(Beginning of DATA EXTRACT)

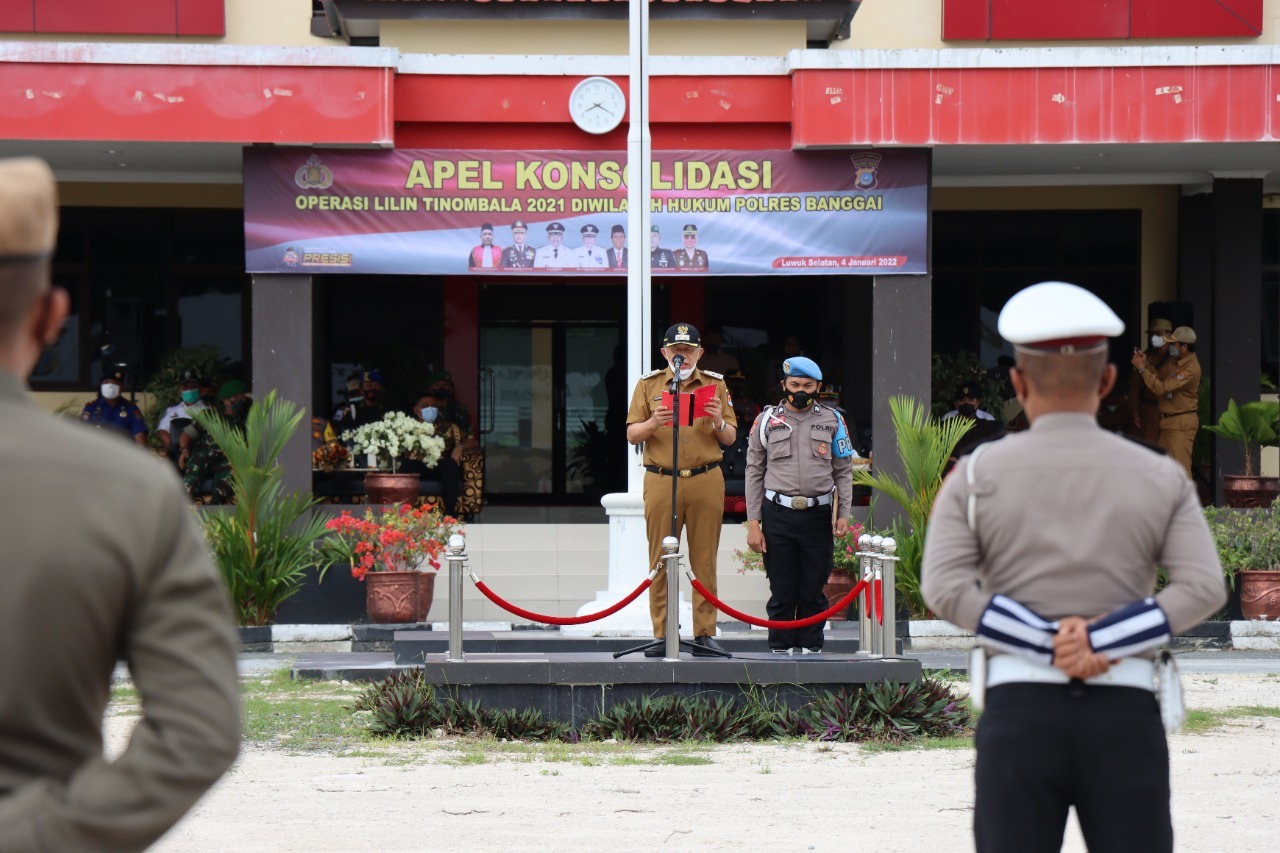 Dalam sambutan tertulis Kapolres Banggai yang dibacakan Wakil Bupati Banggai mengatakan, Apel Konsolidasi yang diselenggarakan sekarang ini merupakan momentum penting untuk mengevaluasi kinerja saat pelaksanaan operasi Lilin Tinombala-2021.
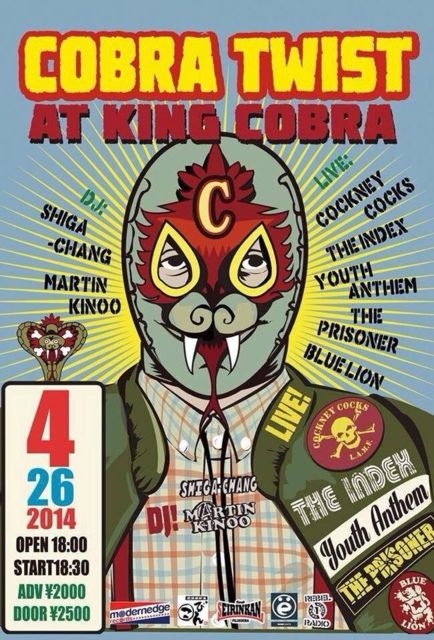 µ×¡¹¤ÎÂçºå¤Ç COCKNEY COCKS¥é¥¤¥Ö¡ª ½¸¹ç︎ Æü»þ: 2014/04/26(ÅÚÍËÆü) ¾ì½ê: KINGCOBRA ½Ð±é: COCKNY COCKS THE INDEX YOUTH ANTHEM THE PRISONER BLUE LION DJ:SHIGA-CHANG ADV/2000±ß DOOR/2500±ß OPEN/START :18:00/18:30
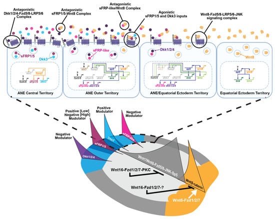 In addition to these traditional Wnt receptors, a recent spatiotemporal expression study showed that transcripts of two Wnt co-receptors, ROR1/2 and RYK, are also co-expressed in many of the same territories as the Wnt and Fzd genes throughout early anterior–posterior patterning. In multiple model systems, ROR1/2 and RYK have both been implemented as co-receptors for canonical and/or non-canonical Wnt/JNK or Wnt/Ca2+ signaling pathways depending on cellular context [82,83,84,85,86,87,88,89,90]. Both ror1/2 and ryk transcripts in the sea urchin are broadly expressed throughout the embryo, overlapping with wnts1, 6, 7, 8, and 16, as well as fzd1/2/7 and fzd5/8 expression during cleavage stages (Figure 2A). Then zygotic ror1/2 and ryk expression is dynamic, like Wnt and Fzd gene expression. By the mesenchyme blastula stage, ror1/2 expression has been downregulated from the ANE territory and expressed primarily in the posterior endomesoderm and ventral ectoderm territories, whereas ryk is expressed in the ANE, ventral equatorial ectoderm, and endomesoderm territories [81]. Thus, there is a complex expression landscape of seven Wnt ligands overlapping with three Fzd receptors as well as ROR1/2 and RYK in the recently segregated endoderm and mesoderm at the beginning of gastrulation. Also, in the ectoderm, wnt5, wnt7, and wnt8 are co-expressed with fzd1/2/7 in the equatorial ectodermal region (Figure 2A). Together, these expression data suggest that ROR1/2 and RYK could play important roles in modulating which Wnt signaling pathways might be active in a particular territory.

(End of DATA EXTRACT)

◆ EXERCISE GOAL
Transcribe, word for word, only the material from its opening line through the line containing "µ×¡¹¤ÎÂçºå¤Ç COCKNEY COCKS¥é¥¤¥Ö¡ª", both ends included, and omit the pictures.

◆ SOLUTION TO THIS PROBLEM
 Dalam sambutan tertulis Kapolres Banggai yang dibacakan Wakil Bupati Banggai mengatakan, Apel Konsolidasi yang diselenggarakan sekarang ini merupakan momentum penting untuk mengevaluasi kinerja saat pelaksanaan operasi Lilin Tinombala-2021.
 µ×¡¹¤ÎÂçºå¤Ç COCKNEY COCKS¥é¥¤¥Ö¡ª ½¸¹ç︎ Æü»þ: 2014/04/26(ÅÚÍËÆü) ¾ì½ê: KINGCOBRA ½Ð±é: COCKNY COCKS THE INDEX YOUTH ANTHEM THE PRISONER BLUE LION DJ:SHIGA-CHANG ADV/2000±ß DOOR/2500±ß OPEN/START :18:00/18:30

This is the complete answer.